Khatib Diana, Neuburger Peter J, Pan Sabrina, Rong Lisa Q
Department of Anesthesiology, Weill Cornell Medicine, New York, NY.
Department of Anesthesiology, Perioperative Care and Pain Medicine, NYU Grossman School of Medicine, New York, NY.
J Cardiothorac Vasc Anesth. 2022 Oct;36(10):3887-3903. doi: 10.1053/j.jvca.2022.05.005. Epub 2022 May 8.
Significant mitral regurgitation (MR) is the most common valvular disease in the United States in patients older than 75. However, many patients with severe MR are at a high risk for surgical repair due to other significant comorbidities. Over the past decade, many transcatheter mitral valve devices have been studied that address the different mechanisms of MR, but only a few have received a Conformité Européene (CE) mark or United States Food and Drug Administration (FDA) approval. The Carillon, Cardioband, and Mitralign all received CE marking for percutaneous mitral annuloplasty, while the Tendyne and SAPIEN 3 received a CE mark and FDA approval, respectively, for transcatheter mitral valve replacement. Finally, the NeoChord DS 1000 received a CE mark for transcatheter chordal repair. Each of these devices is reviewed in detail, including device indications, performance in clinical trials, anesthetic management, intraprocedural imaging guidance, and postprocedural complications. Although percutaneous devices will appear and disappear from use, understanding the procedural considerations remains highly relevant, as these key principles will apply to the next generation of transcatheter valve interventions.

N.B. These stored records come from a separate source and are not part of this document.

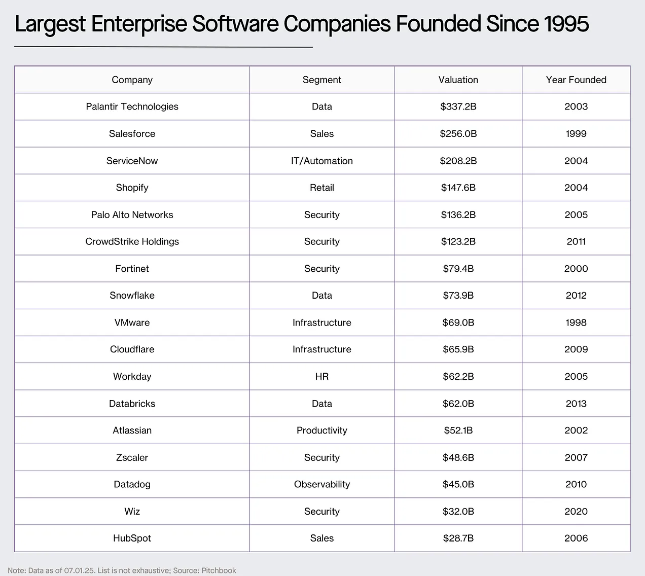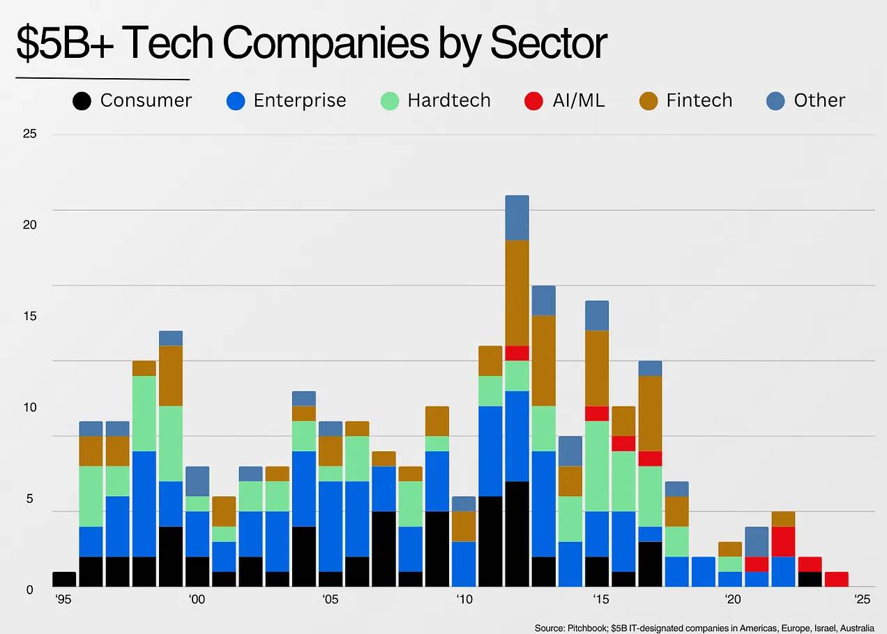 关于方法论:绝大多数技术价值都集中在最大的公司身上,因此我选取了自 1995 年以来成立的所有 Pitchbook 上标有 IT 价值 50 亿美元以上的公司。(注意:这不包括亚马逊、Nvidia、微软和苹果。)我让 Claude 帮助对这些公司进行分类,因此我认为确切的数据在方向上非常准确,但在本质上并不准确。
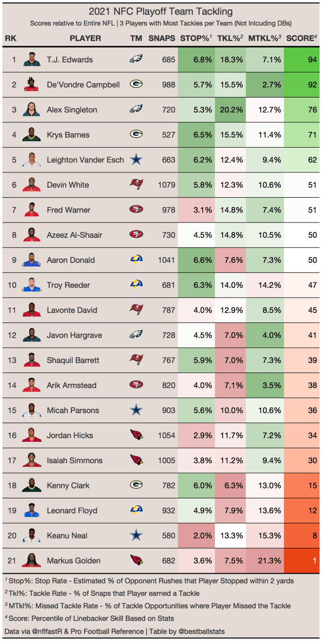 The Eagles are not usually known for having good linebackers, but both Alex Singleton and TJ Edwards have performed better than expected this season, both posting high tackle rates. The Packers also have good linebackers, led by De’Vondre Campbell, who simply does not miss tackles. The best run stopper in the NFC is DJ Jones of the 49ers, who is not pictured in the table above. While DJ Jones does not qualify for the pass rushing table because he does not get a lot of pressures and doesn’t qualifying for the tackling table because he doesn’t have a lot of tackles, he stuffs a run on over 12% of opponent rushing plays. In fact, 26 of DJ Jones’ 39 tackles on the season have come from run stops. The Cowboys and Ezekiel Elliot will have a hard time running up the middle against DJ Jones if he is in the game.
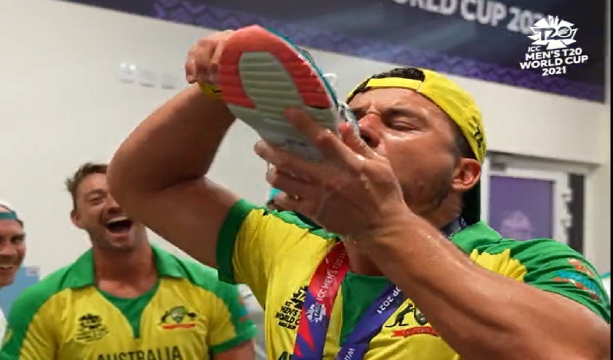 जूते में बीयर डालकर पी रहे हैं मैथ्यू वेड और मार्कस स्टोइनिस, देखें ऑस्ट्रेलियाई टीम का अनोखा जश्न
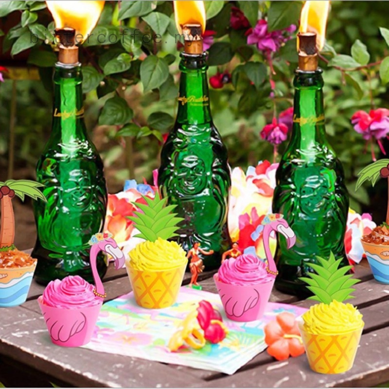 2018 Diy Cupcake Toppers Wrappers Tropical Hawaiian Flamingo
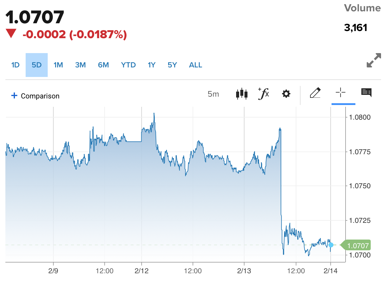 | Diễn biến tỷ giá EUR/USD trên thị trường thế giới (Nguồn: CNBC) |
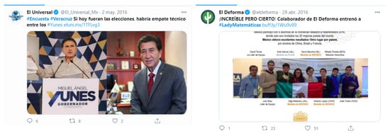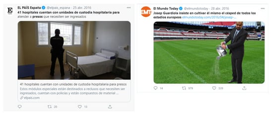 Figure 3 and Figure 4 contain four examples of a satirical and non-satirical tweet for both datasets. In English, the translation are: 41 hospitals have hospital custody units for prisoners (see Figure 3 left), Josep Guardiola insists on watering the grass of all European studios himself (see Figure 3 right), #Survey #veracruz If today were the elections, there would be a technical tie between the #Yunes (see Figure 4 left), and Incredible but true! ElDeforma collaborator trained #LadyMatemáticas (see Figure 4 right).
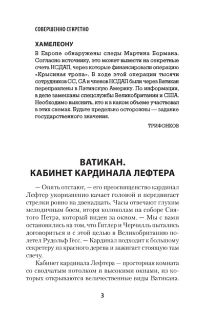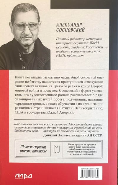 Šī grāmata pēta vērienīgo slepeno operāciju nacistu noziedznieku un finanšu aktīvu evakuācijai no Trešā reiha Otrā pasaules kara beigās un pēc tā. Aizraujoša romāna formātā Sosnovskis atstāsta virkni plānotu bēgšanas maršrutu, kas dēvēti par "Ratlines", un dažādu valstu, tostarp Vatikāna, Lielbritānijas, Amerikas Savienoto Valstu un Dienvidamerikas valstu, iesaistīšanos to organizācijā.
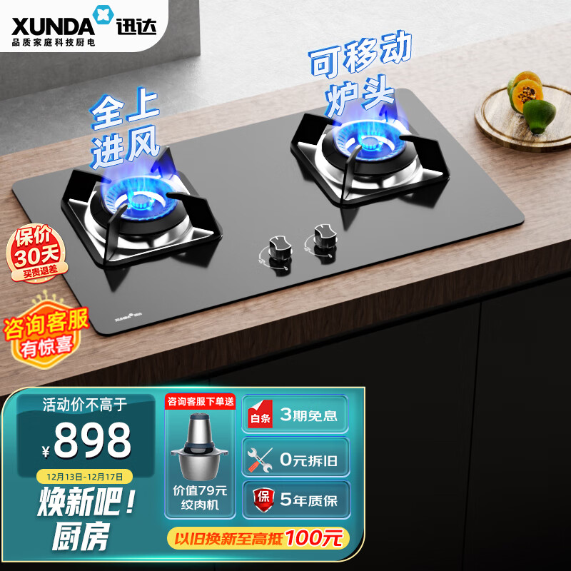 迅达(XUNDA)燃气灶液化气灶家用 煤气灶双灶具 嵌入式台式两用 4.1KW旋流猛火灶 可拆卸炉头 FJ2-液化气价格:998.00元!
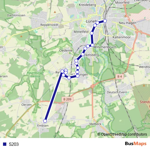 The first stop of the 5203 bus route is Embsen, Schulzentrum and the last stop is Bf. Lüneburg (Zob). 5203 is operational during ежедневно.

重度二尖瓣反流(MR)是美国75岁以上患者中最常见的瓣膜疾病。然而,许多重度MR患者由于其他严重的合并症而面临手术修复的高风险。在过去十年中,人们研究了许多经导管二尖瓣装置,这些装置针对MR的不同机制,但只有少数获得了欧洲合格认证(CE)标志或美国食品药品监督管理局(FDA)的批准。Carillon、Cardioband和Mitralign均获得了经皮二尖瓣环成形术的CE标志,而Tendyne和SAPIEN 3分别获得了经导管二尖瓣置换术的CE标志和FDA批准。最后,NeoChord DS 1000获得了经导管腱索修复的CE标志。本文将对这些装置进行详细综述,包括装置适应症、临床试验表现、麻醉管理、术中成像引导以及术后并发症。尽管经皮装置在使用中会出现和消失,但了解手术注意事项仍然非常重要,因为这些关键原则将适用于下一代经导管瓣膜干预。